TASK INPUT ▸
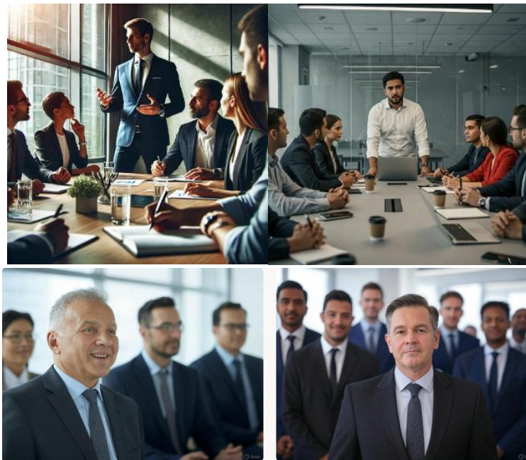
ChatGPT, Gemini y la doble, Grok

Orden a la IA: “Crea una imagen con una persona liderando un equipo”
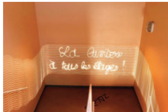
Exercice de lightpainting.

Productions écrites, soutenances orales.
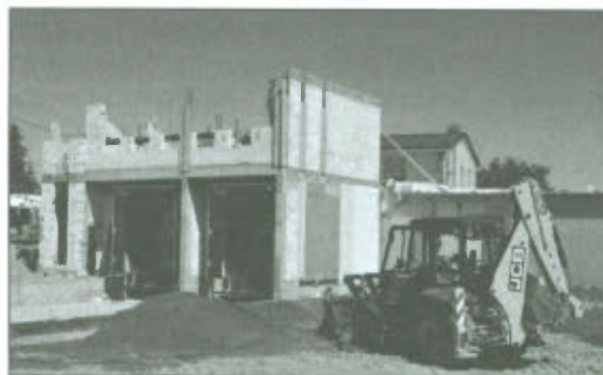
Inwestycje w firmie „Chłodnie Misiorny” w Mórkowie
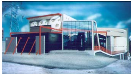
El nuevo edificio de la cinemateca

Sin embargo, la tarea de archivo de la cinemateca no se limita a las películas, sino más bien se extiende a todo material cinematográfico. Esto comprende libros especializados, folletos, recortes de prensa, catálogos, afiches, revistas, fotos y diapositivas, todos debidamente catalogados y organizados en salas específicas.
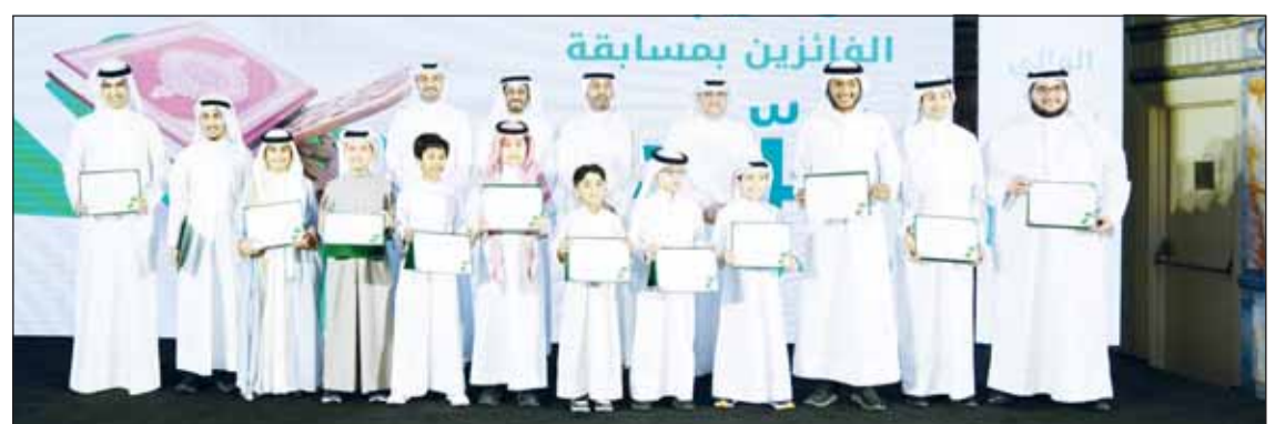
حفل تكريم الفائزين بمسابقة قراء الأطفال بحضور الرئيس التنفيذي خالد الشعلان ورئيس هيئة الفتوى والرقابة الشرعية سيد محمد الطبطبائي
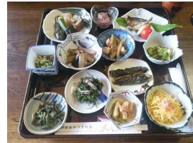
食事提供メニューのイメージ
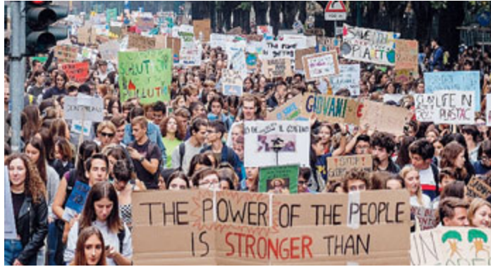
La marcia Friday for future a Milano.

Quello che questi ragazzi vogliono è giustizia per il loro futuro, unità globale e immediata azione politica. Nello specifico i ragazzi del FFF chiedono una riduzione di utilizzo dei combustibili fossili che dovrà raggiungere lo 0 netto di emissioni nel
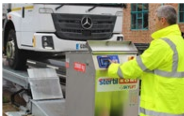
Ovládací box v nerez
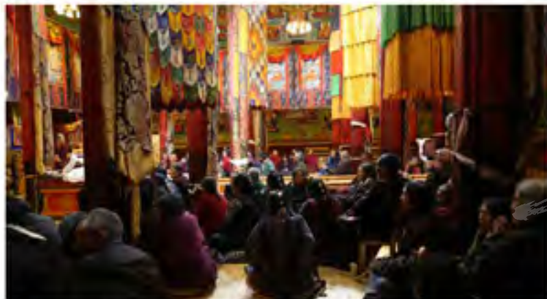
昌都地区江达县觉寺大经堂
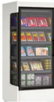
Côté ABS (de série)
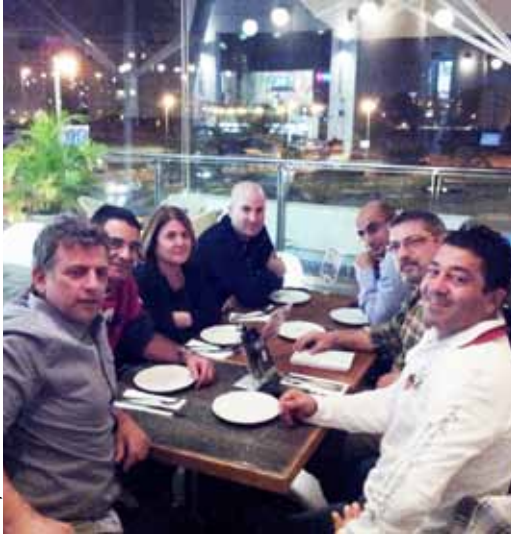
חברי ועד השכונה בישיבה ב"קפית"

ועד שכונה טוב צריך להיות בעל עשייה והצלחות, ולא פחות חשוב מכך- לזכות בשיתוף פעולה מהתושבים ומעובדי העירייה. התברכנו!
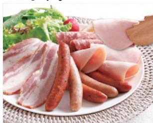
筑波ハム ギフトセット

茨城県銘柄豚「常陸の輝き」を長期間塩漬熟成し、桜の薪でスモークした「筑波ハム」、千葉県「水郷どり」を使用した水郷のとりやさんの「手羽先餃子」、地元の玉子を贅沢に使用した、群馬県利根郡のGARBAの「バームクーヘン」などの当社出店エリアの各地域で愛される名品をご用意しています。
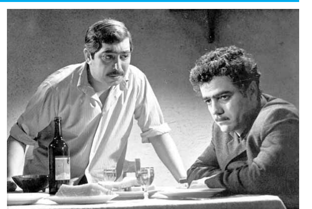
«Bir cənub şəhərində» filmindən epizod

Yuxarıdan aşağı: 1.Riyaziyyatçı alim, Kaliforniya Universitetinin professoru; 2.Futbolda vəziyyət; 3.Pişikimilər fəsiləsinin qar bəbirləri cinsinə aid heyvan növü; 4.Qədim Roma memarlığında kirayə üçün nəzərdə tutulan çoxmərtəbəli yaşayış evi; 5.Hicri təqvimində aylardan biri; 6.RF-nin Kalininqrad vilayətində şəhər; 7.Yamaykada 290 km şimal-qərbdə yerləşən ada; 13.Avropanın əksər ölkələrinin ümumi pul vahidi; 15.Formula-1-in alman pilotu; 16.Kiçik Asiyada antik şəhər; 17.Tibdə, xüsusilə psixiatriyada hərəkət pozğunluğunun bir növü. Hərəkətsizlik, taqətsizlik, halsızlıq, qıçığa qarşı reaksiya sönlüklüyü; 18.Bir sıra ölkələrdə xırda pul vahidi; 20.Xəzər dənizində yerləşən, Azərbaycana məxsus ada; 21.Polineziya xalqı. Soldan sağa: 1.Elektrik dövrəsində gərginliyi sabit saxlayan yarım-keçirici cihaz; 8.İctimai nəqliyyat növü; 9.Qıpçaq əsilli Qızıl Orda sərkərdəsi; 10.Yunanstanın cənub-qərbində şəhər; 11.İsveçrənin cənub-qərbində şəhər; 12.Azərbaycan kinorejissoru, ssenaristi, Azərbaycan SSR Dövlət mükafatı laureatı (1978), Azərbaycanın xalq artisti. «Bir cənub şəhərində», «Babək», «Nizami» kimi populyar filmlərin rejissorunun adı; 14.Heyvan növü; 19.Orta əsrlərdə Avropada əmlakın (əsas etibarilə torpaq mülkiyyətinin) yalnız böyük oğula, ya da nəslin ağsaqqalına keçməsi haqda varislik qaydası; 21.Tamıma-maq və ya müdafiə məqsədi ilə üzə geyinilən əşya; 22.RF-nin Yaroslavl vilayətində çay; 23.Mübahisə, müzakirə, disput və s.
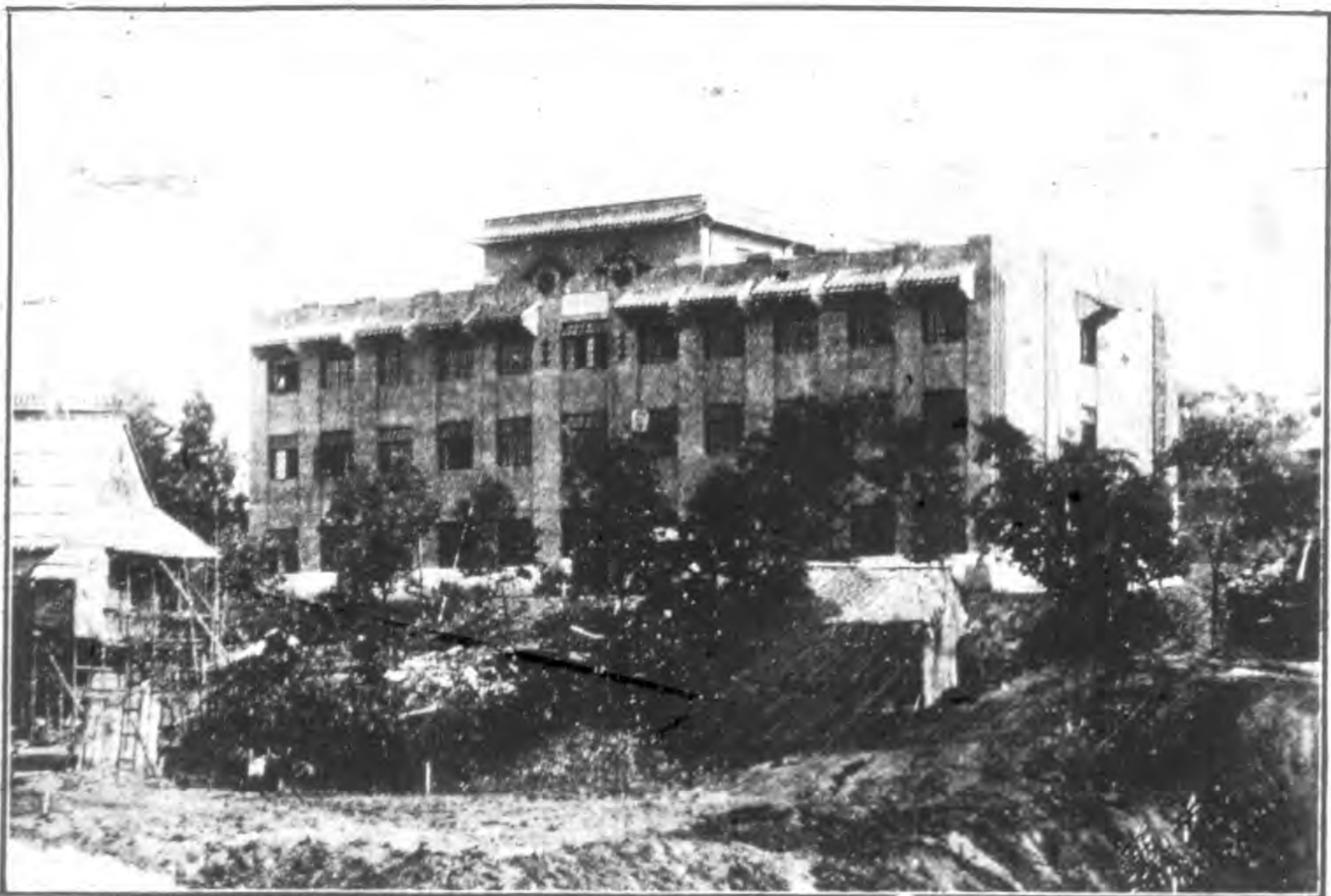
男 宿 舍 之 一
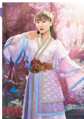
たかぎ れいこ 高城 れに ニックネーム:れにちゃん ももクロの鋼少女
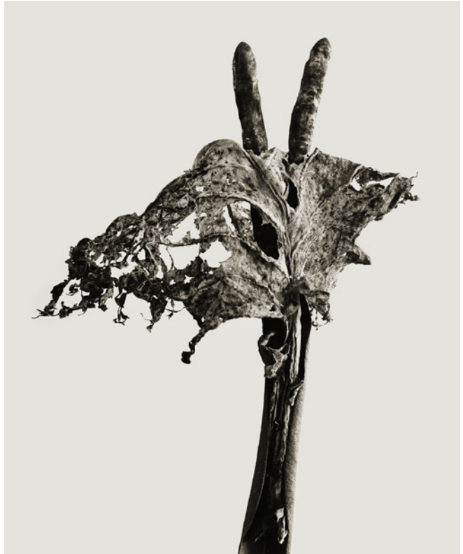
Joan Fontcuberta, Dendrita victoriosa (1982), Herbarium seriekoa

carceren [Kartzeren koadernoak] 1930ean idatzi bezala: «Mundu zaharra hiltzen ari da. Berria berandutzen ari da. Eta argi-ilun horretan munstroak sortzen dira». Argazki-gintza egiaren eta memoriaren promesa izatetik adimen artifizialaren bidez sortutako irudietara; dokumentutik espekulaziora; artista eta saiakeragileak azaleratzen ari diren munstrotasunak —hizkuntzarenak, teknologiarenak, politikarenak— erakusten ditu bere lanaren bitartez.
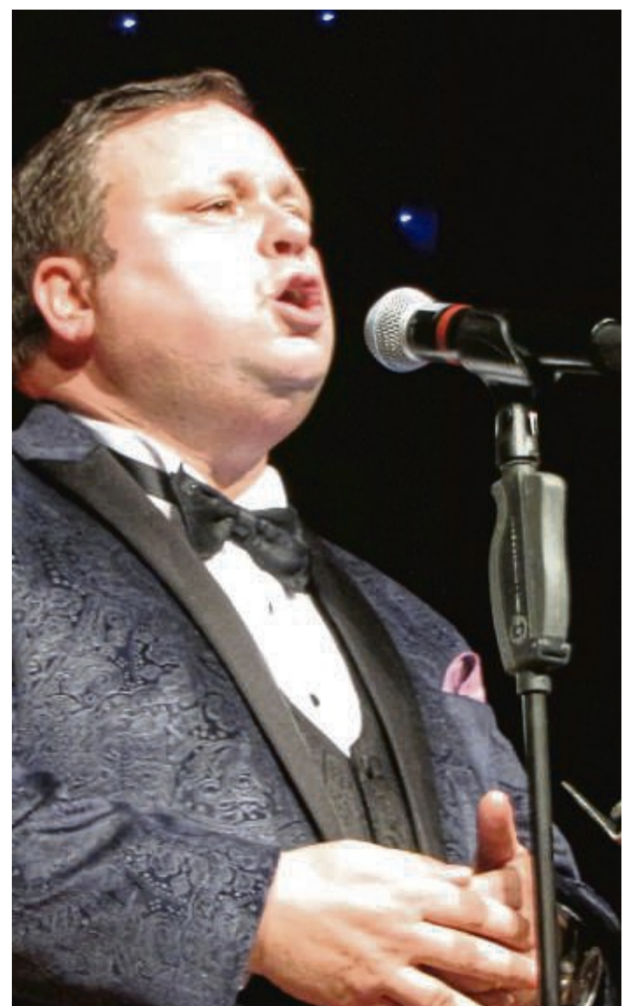
Ein Weltstar auf der Bühne: Der britische Tenor Paul Potts gastiert in der Korbacher Stadthalle.
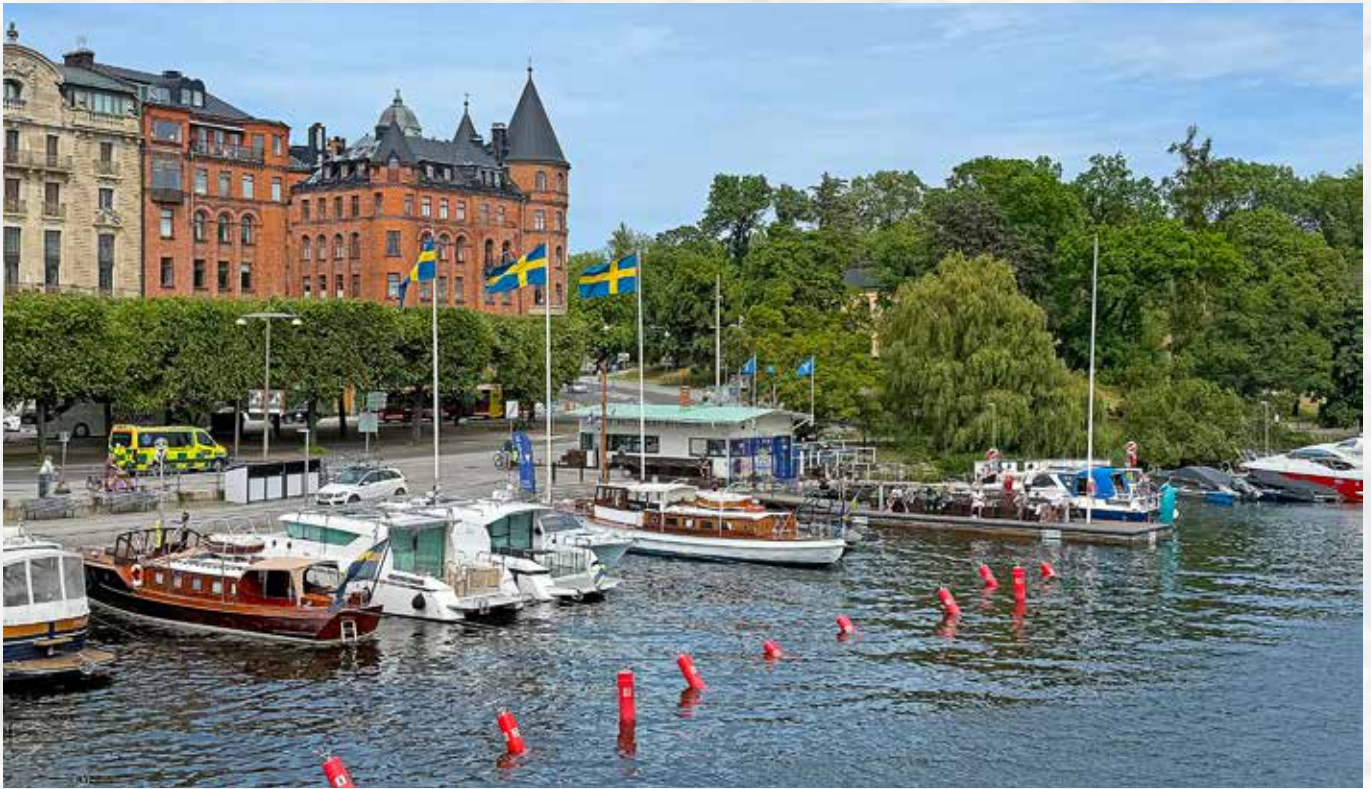
Kungliga Motorbåt Klubbens Båtförbund.
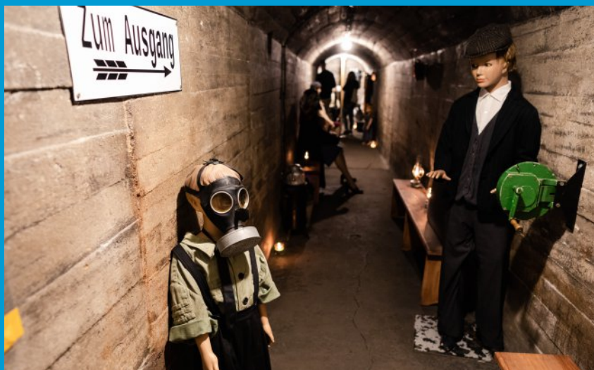
Schron Pasjonatów Podziemi, czyli szczelina przeciwlotnicza (Luftschutz) z okresu II wojny światowej

EXERCISE AIM ▸ Start with the first line of the records above and end with the line containing "La marcia Friday for future a Milano.". Output those lines exactly, pictures excluded.

ANSWER BOX ▸
ChatGPT, Gemini y la doble, Grok

Orden a la IA: “Crea una imagen con una persona liderando un equipo”
Exercice de lightpainting.

Productions écrites, soutenances orales.
Inwestycje w firmie „Chłodnie Misiorny” w Mórkowie
El nuevo edificio de la cinemateca

Sin embargo, la tarea de archivo de la cinemateca no se limita a las películas, sino más bien se extiende a todo material cinematográfico. Esto comprende libros especializados, folletos, recortes de prensa, catálogos, afiches, revistas, fotos y diapositivas, todos debidamente catalogados y organizados en salas específicas.
حفل تكريم الفائزين بمسابقة قراء الأطفال بحضور الرئيس التنفيذي خالد الشعلان ورئيس هيئة الفتوى والرقابة الشرعية سيد محمد الطبطبائي
食事提供メニューのイメージ
La marcia Friday for future a Milano.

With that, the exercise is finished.